■ EXERCISE BRIEF
The records that follow must be repeated exactly, except for their pictures.

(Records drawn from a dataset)
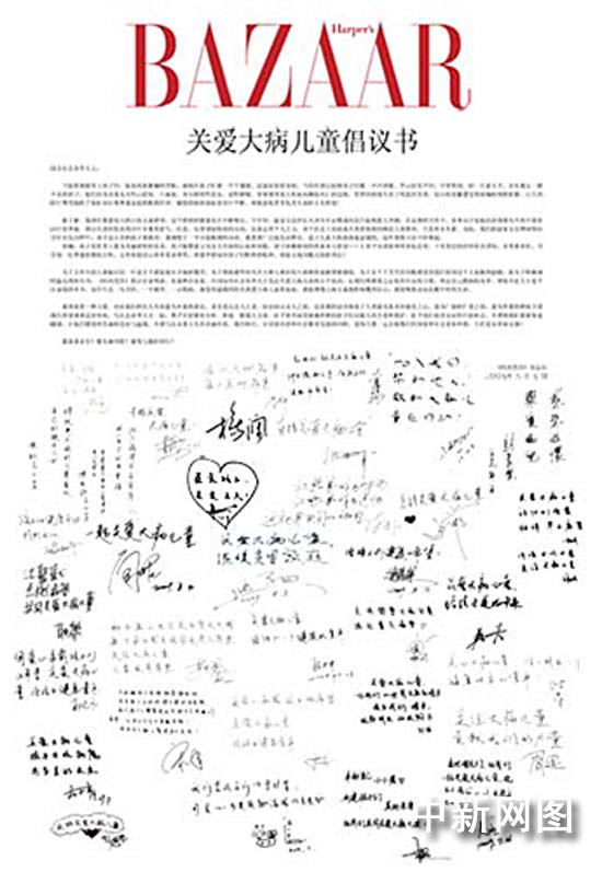 中新網(wǎng)8月10日電 今日,時(shí)尚雜志《時(shí)尚芭莎》攜手百位明星、名流和企業(yè)家發(fā)起聯(lián)名倡議,呼吁政府相關(guān)部門、各級慈善公益組織,共同關(guān)注中國大病兒童這一弱勢群體的生存、救助問題。同時(shí),《時(shí)尚芭莎》宣布將于9月底在京舉行,本屆活動募集的所有善款都將全部捐助給國內(nèi)大病兒童救助公益事業(yè),以此慈善盛舉向偉大祖國六十華誕獻(xiàn)禮。
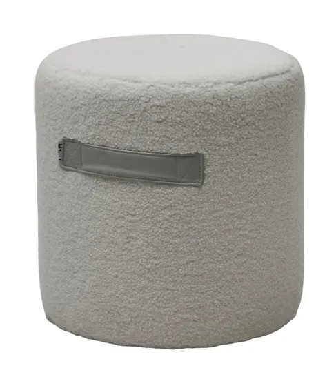 Пуф обит мягкой тканью, напоминающую шерсть молодого ягненка. Ручки из экокожи.
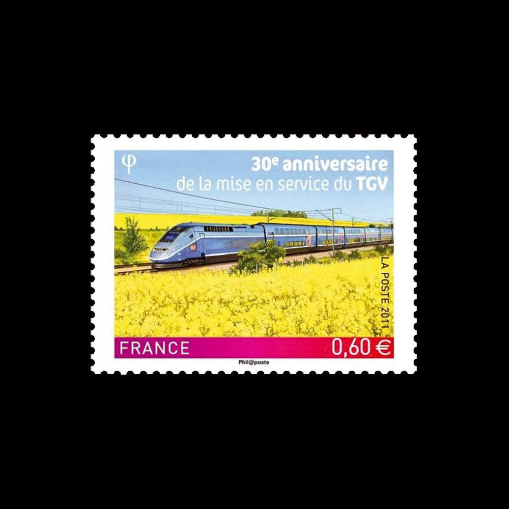 N°TGV11-1NG : FRANCE 1 value 0,60€ "30th anniversary of the Commissioning of French TGV (High Speed Train) 1981-2011"
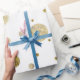 Den guld- Glam Bokeh konfettin pricker Presentpapper
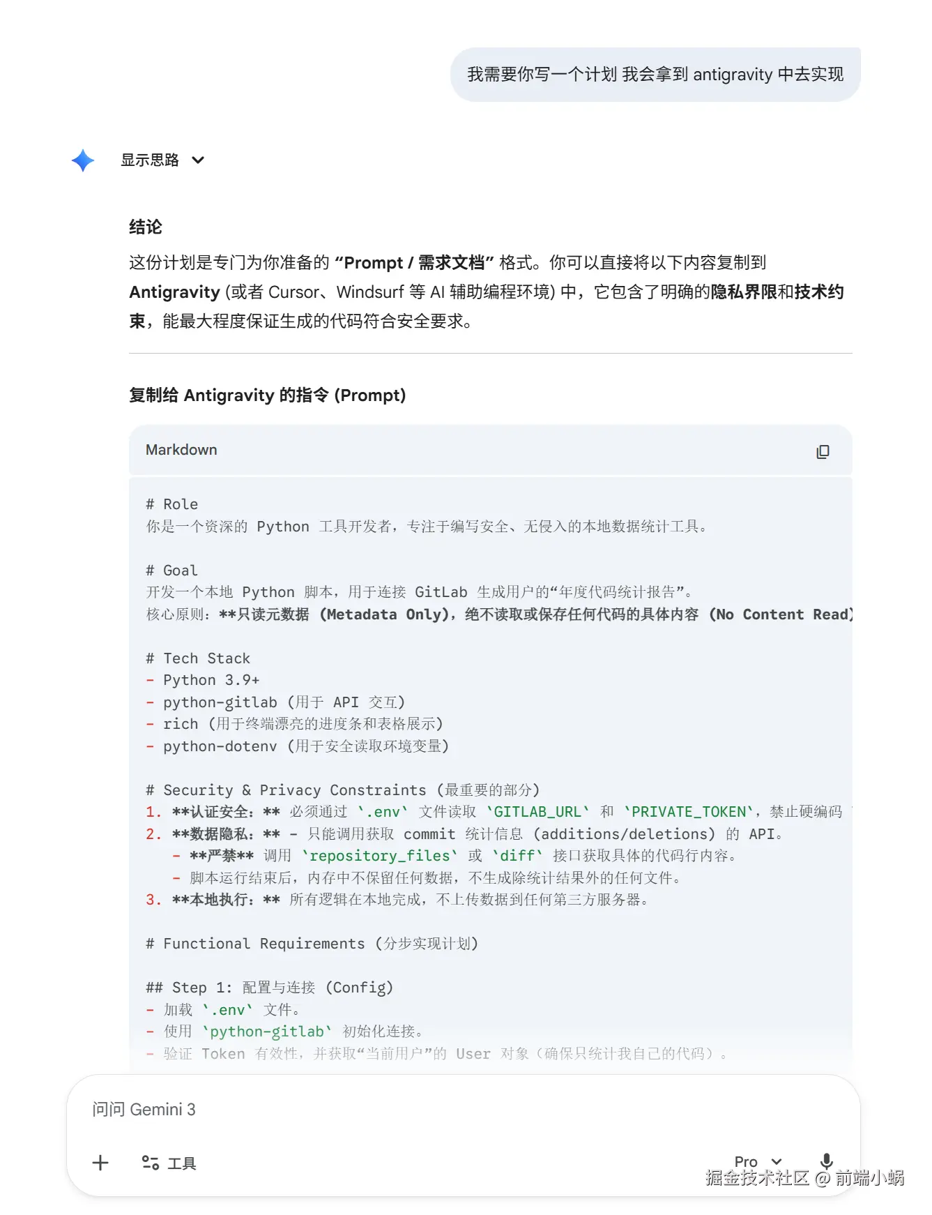 我反手就是一个 Prompt 甩过去,着重强调了我的 "安全洁癖" :必须只通过 .env 读 Token,严禁调用 repository_files 这种危险接口。
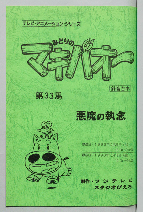 主な出演 : 原調教師)伊藤栄次,(カスケード)玄田哲章,(アマゴワクチン)松本保典,(モーリアロー)山田雅人,(サトミアマゾン)伊藤栄次,(アナ)吉田伸男,(記者たち)松本保典,伊藤栄次,大川透,(高速道路の男)松本保典,(高速道路の女)【みどりのマキバオー】北海道の牧場『みどり牧場』の名馬「ミドリコ」から、まるでロバのような不思議な姿の馬「マキバオー」が生まれる。その後、みどり牧場の借金を返済する為、ミドリコが堀江牧場へ売られることになり、母
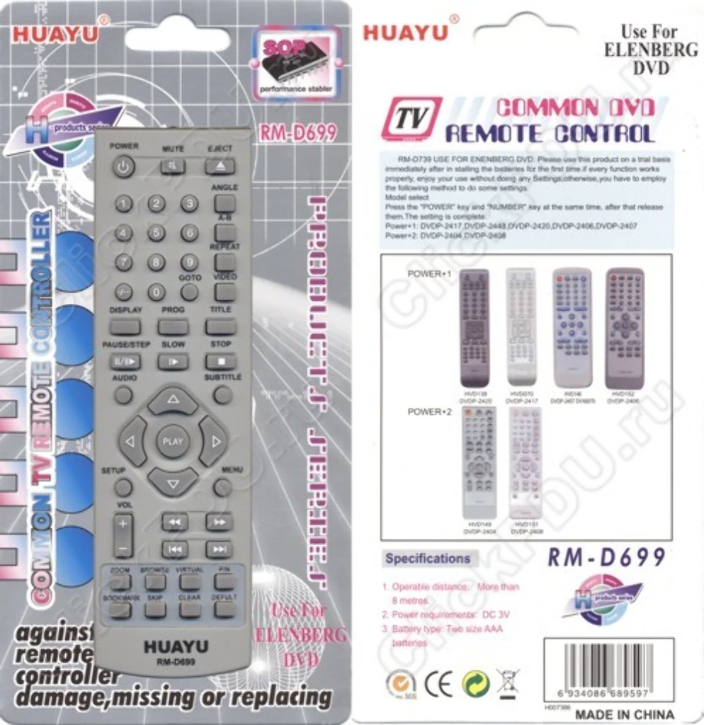 Универсальный пульт Huayu для Elenberg RM-D699

■ FINISHED TASK
 中新網(wǎng)8月10日電 今日,時(shí)尚雜志《時(shí)尚芭莎》攜手百位明星、名流和企業(yè)家發(fā)起聯(lián)名倡議,呼吁政府相關(guān)部門、各級慈善公益組織,共同關(guān)注中國大病兒童這一弱勢群體的生存、救助問題。同時(shí),《時(shí)尚芭莎》宣布將于9月底在京舉行,本屆活動募集的所有善款都將全部捐助給國內(nèi)大病兒童救助公益事業(yè),以此慈善盛舉向偉大祖國六十華誕獻(xiàn)禮。
 Пуф обит мягкой тканью, напоминающую шерсть молодого ягненка. Ручки из экокожи.
 N°TGV11-1NG : FRANCE 1 value 0,60€ "30th anniversary of the Commissioning of French TGV (High Speed Train) 1981-2011"
 Den guld- Glam Bokeh konfettin pricker Presentpapper
 我反手就是一个 Prompt 甩过去,着重强调了我的 "安全洁癖" :必须只通过 .env 读 Token,严禁调用 repository_files 这种危险接口。
 主な出演 : 原調教師)伊藤栄次,(カスケード)玄田哲章,(アマゴワクチン)松本保典,(モーリアロー)山田雅人,(サトミアマゾン)伊藤栄次,(アナ)吉田伸男,(記者たち)松本保典,伊藤栄次,大川透,(高速道路の男)松本保典,(高速道路の女)【みどりのマキバオー】北海道の牧場『みどり牧場』の名馬「ミドリコ」から、まるでロバのような不思議な姿の馬「マキバオー」が生まれる。その後、みどり牧場の借金を返済する為、ミドリコが堀江牧場へ売られることになり、母
 Универсальный пульт Huayu для Elenberg RM-D699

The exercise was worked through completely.